One greatly improved bilateral relationship is that between China and Indonesia. Earlier this year, China’s state-owned offshore oil company, CNOOC, bought a large Indonesian oil and gas field owned by Spain’s Repsol-YPF for US$ 585 million. More recently, another oil company, PetroChina, outbid four rivals to buy the Indonesian assets of Devon Energy Corporation for US$ 262 million.

For her part Indonesian President Megawati Sukarnoputri has buried hostilities going back to 1965 and has visited China twice in the past year, hoping to

 

convince Beijing to award Jakarta a US$ 9 billion liquid natural gas contract to power the industries of southern China.

China is already a leading manufacturer. Singapore, for example, has lost more than 42,000 jobs to China in the last five years because of China's lower cost of doing business. And lower labour costs may cause multinationals in Malaysia to relocate their assembly plants to the mainland. Prime Minister Mahathir Mohamad has told Malaysians to stop viewing China as a “black hole” sucking foreign investment away from Asean. “We want to live with the fact that there is a China and it is going to be very prosperous, very big and economically powerful,” said Mahathir.

Increasingly, the US is finding itself in the same shoes Great Britain found itself towards the end of the 19th century, says Goldman Sachs Vice Chairman Courtis. “Back then, the UK was the dominant power in Europe and in the world, but a declining one,” says Courtis. “The US must realise that there is no power that is capable of dominating all of Asia. It’s not Japan, not India, and it’s certainly not China.”

Maybe it is not the US either. Laurence Brahm, an American lawyer and entrepreneur based in Beijing and a noted author on China, claims American ideologues are trying to shift the blame overseas for what is clearly an American economic crisis. In addition, Brahm says China really isn’t competition for the US, not anywhere near. “China is just a US$ 1 trillion economy, while the US is a US$ 10 trillion economy,” says Brahm. “Let’s not forget that.”

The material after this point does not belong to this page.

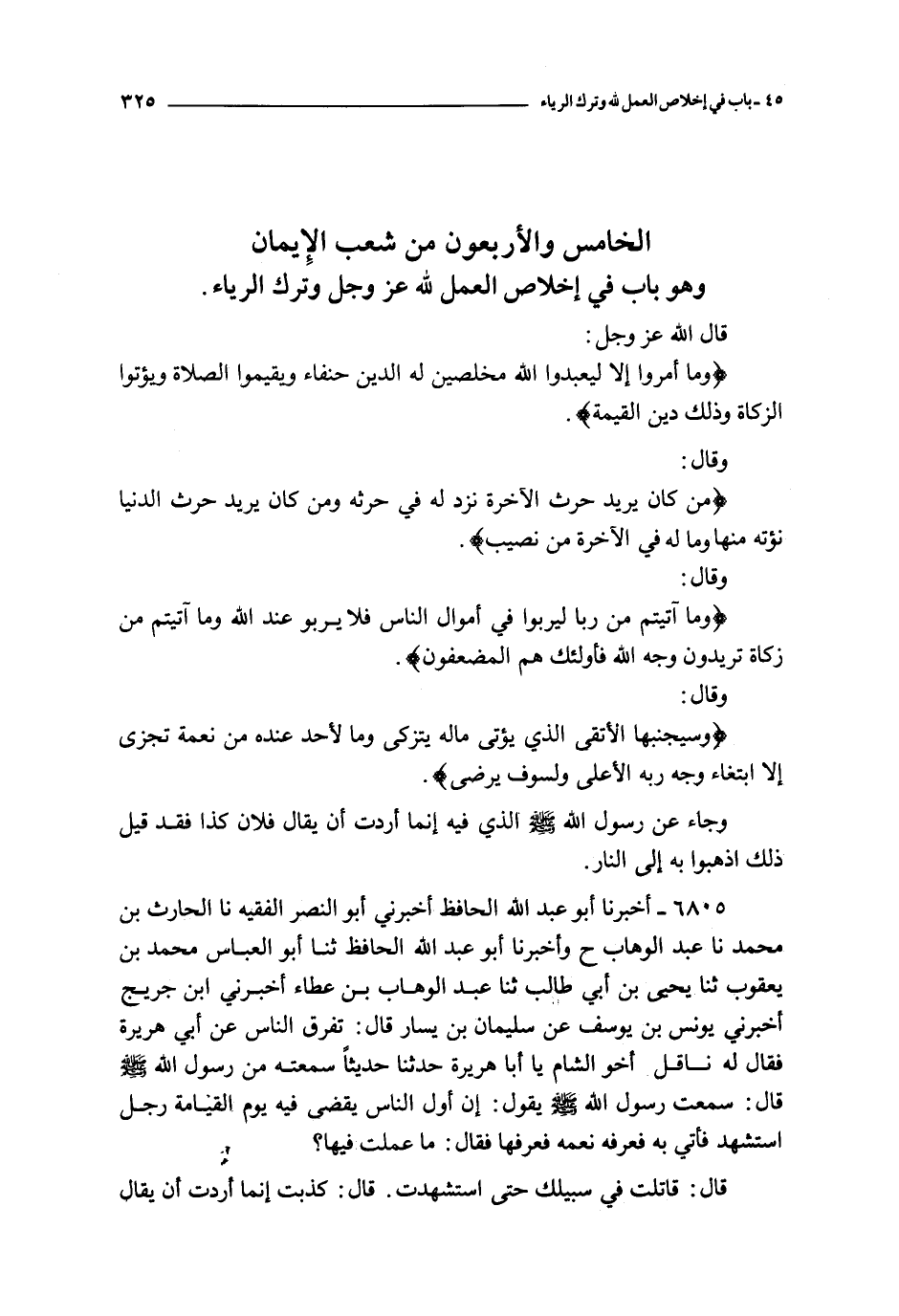 الخامس و الأربعون من شعب الإيمان وهو باب في إخلاص العمل لله عز و جل وترك الرياء قال الله عز و جل : { وما أمروا إلا ليعبدوا الله مخلصين له الدين حنفاء ويقيموا الصلاة ويؤتوا الزكاة وذلك دين القيمة } وقال : { من كان يريد حرث الآخرة نزد له في حرثه ومن كان يريد حرث الدنيا نؤته منها وما له في الآخرة من نصيب } وقال : { وما آتيتم من ربا ليربو في أموال الناس فلا يربو عند الله وما آتيتم من زكاة تريدون وجه الله فأولئك هم المضعفون } وقال : { وسيجنبها الأتقى * الذي يؤتي ماله يتزكى * وما لأحد عنده من نعمة تجزى * إلا ابتغاء وجه ربه الأعلى * ولسوف يرضى } وجاء عن رسول الله صلى الله عليه و سلم الذي فيه إنما أردت أن يقال فلان كذا قصد قيل ذلك اذهبوا به إلى النار

In addition, Brahm says conservative Republicans gloss over the fact that America benefits hugely from China. He relates a personal story Chinese Premier Zhu Rongji shared with him. "Zhu was visiting the US and he needed a new pair of running shoes,” says Brahm, the author of the recent biography on the premier, Zhu Rongji and the Transformation of Modern China. “He sent an aide to go buy him a pair of Nikes. The pair of running shoes was ‘Made in China,’ but came with a price tag of $130. Zhu was surprised it was so expensive. He asked the aide to check the freight-on-board price of the pair of shoes when it left China’s ports. The aide came back and said ‘$5.’ Zhu was shocked. ‘You mean to say our manufacturers made only $5?’ the premier asked with incredulity. What the premier told me sums up the entire Sino-US relations for you. Much of the rest of that $130 price tag was pure profit for Nike and the American retailers.” In other words, good Sino-US relations are a winning combination, albeit with America winning much more handsomely than China.